§ EXERCISE GOAL
The reply should contain all the data below, repeated exactly, and none of the images.

§ AVAILABLE DATA
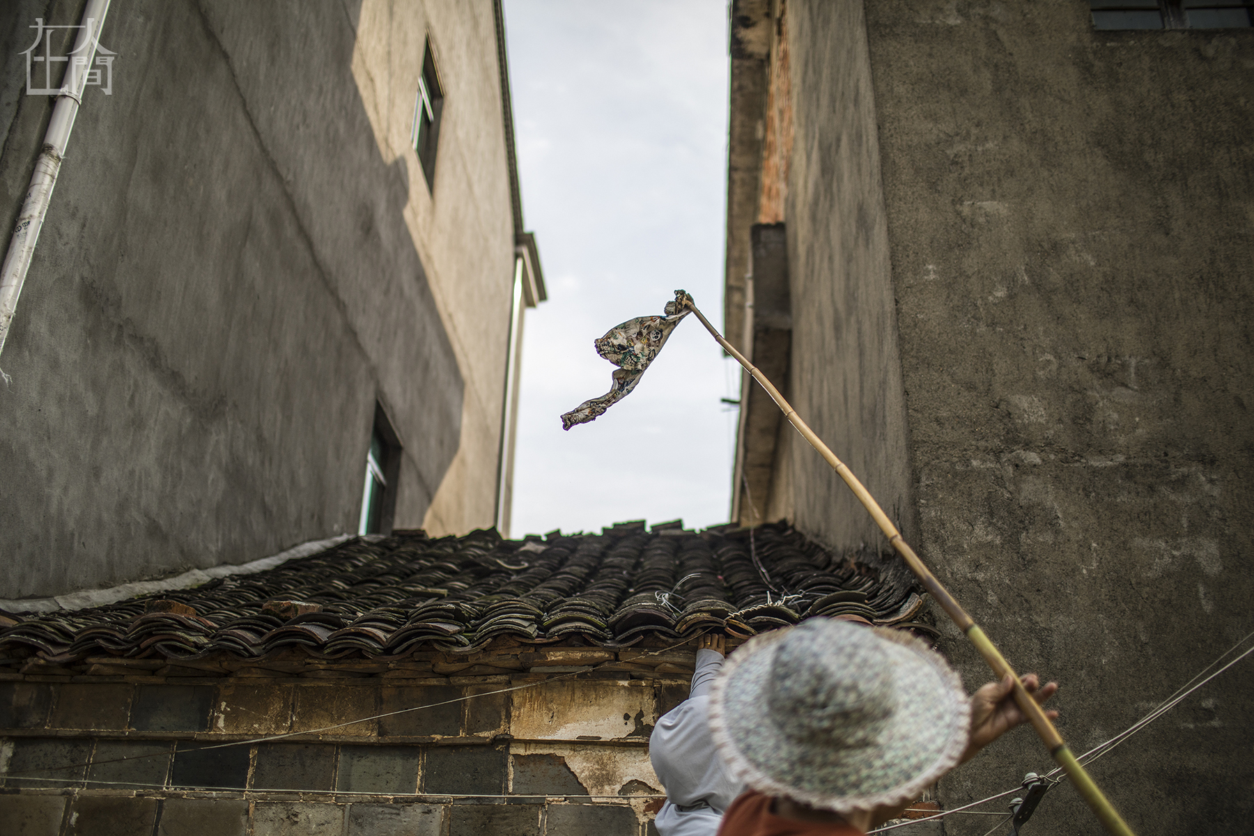 邵仁妹用竹竿捡起被吹落在自己瓦房顶上的孙子的衣服。
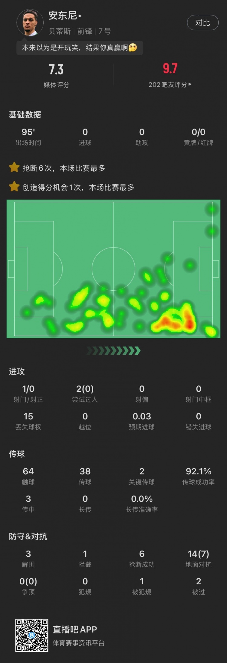 3月2日訊 在剛剛結(jié)束的西甲第26輪比賽中,貝蒂斯主場2-1擊敗皇馬。本場比賽,安東尼打滿全場,獲評了7.3分。
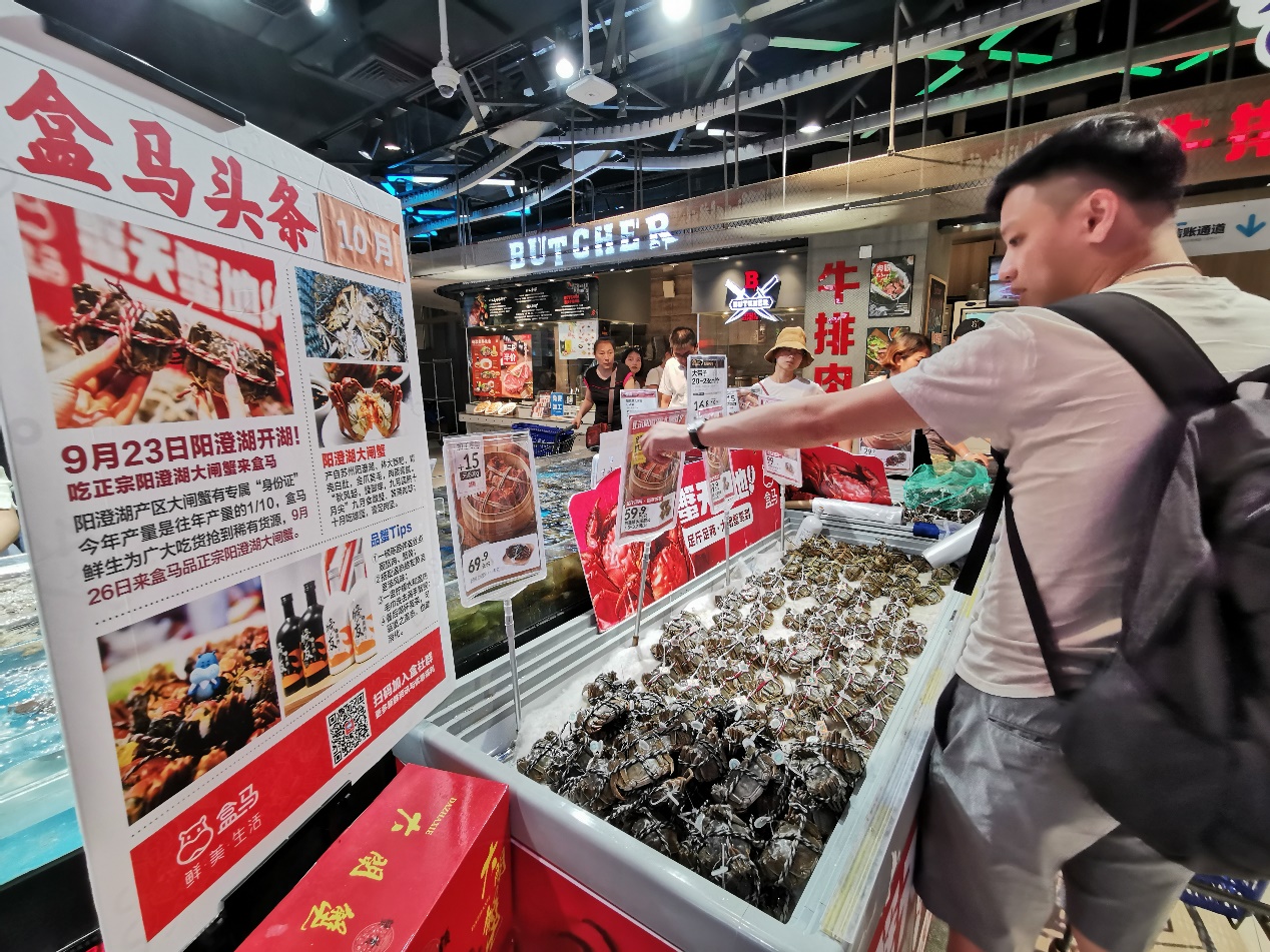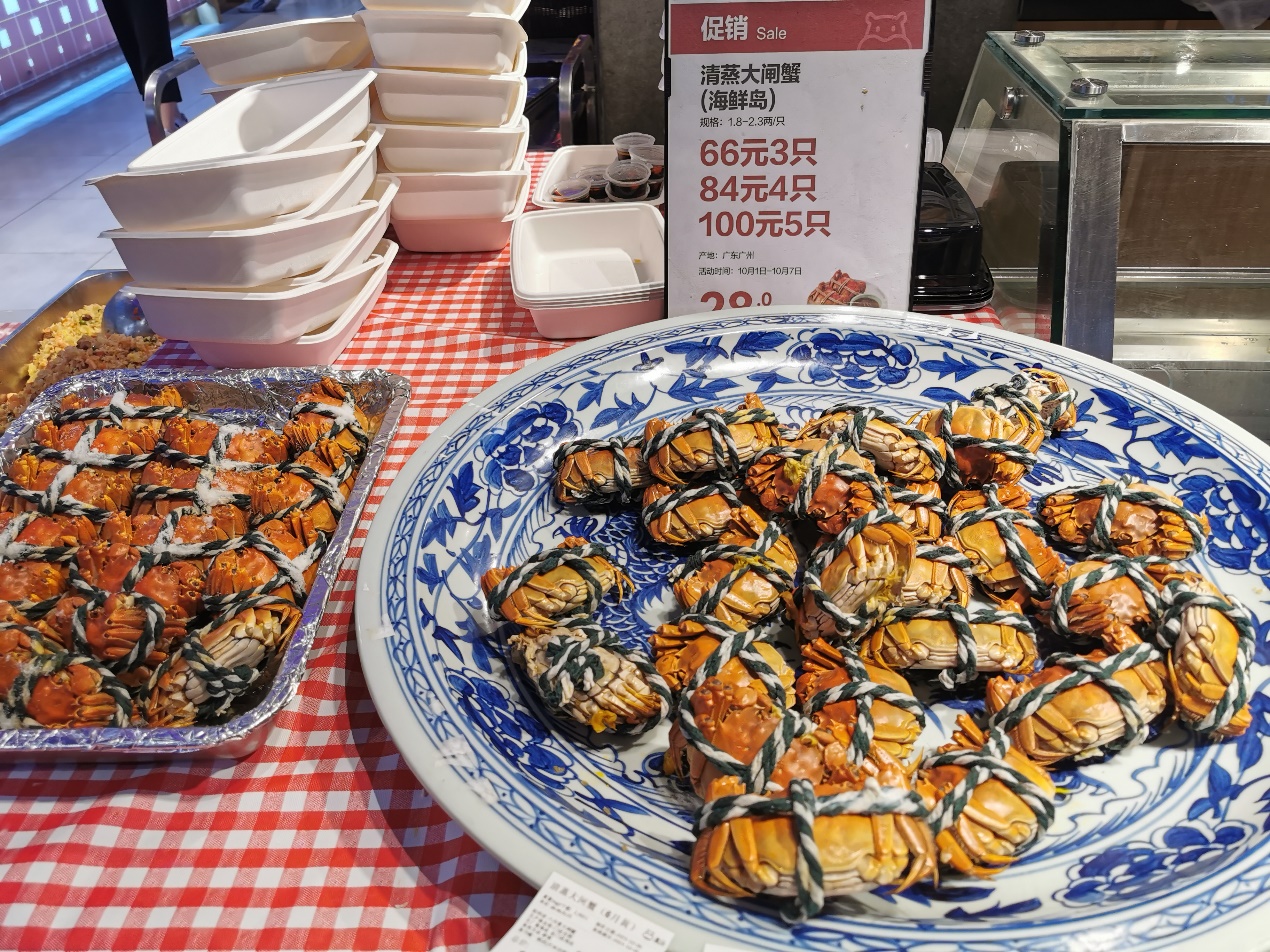 其中爆款非大閘蟹莫屬。民間有個(gè)講究:“九雌十雄”,農(nóng)歷九月吃母的大閘蟹,農(nóng)歷十月吃公的,因?yàn)槟菚r(shí)候大閘蟹的蟹黃和蟹膏是最好的。黃金周期間,盒馬深圳大閘蟹銷(xiāo)量與9月相比增長(zhǎng)六倍。其中最受歡迎的是2兩重的母蟹,盒馬皇庭廣場(chǎng)店假期里試過(guò)一天賣(mài)出近兩千只大閘蟹。

§ ANSWER SECTION
 邵仁妹用竹竿捡起被吹落在自己瓦房顶上的孙子的衣服。
 3月2日訊 在剛剛結(jié)束的西甲第26輪比賽中,貝蒂斯主場2-1擊敗皇馬。本場比賽,安東尼打滿全場,獲評了7.3分。
 其中爆款非大閘蟹莫屬。民間有個(gè)講究:“九雌十雄”,農(nóng)歷九月吃母的大閘蟹,農(nóng)歷十月吃公的,因?yàn)槟菚r(shí)候大閘蟹的蟹黃和蟹膏是最好的。黃金周期間,盒馬深圳大閘蟹銷(xiāo)量與9月相比增長(zhǎng)六倍。其中最受歡迎的是2兩重的母蟹,盒馬皇庭廣場(chǎng)店假期里試過(guò)一天賣(mài)出近兩千只大閘蟹。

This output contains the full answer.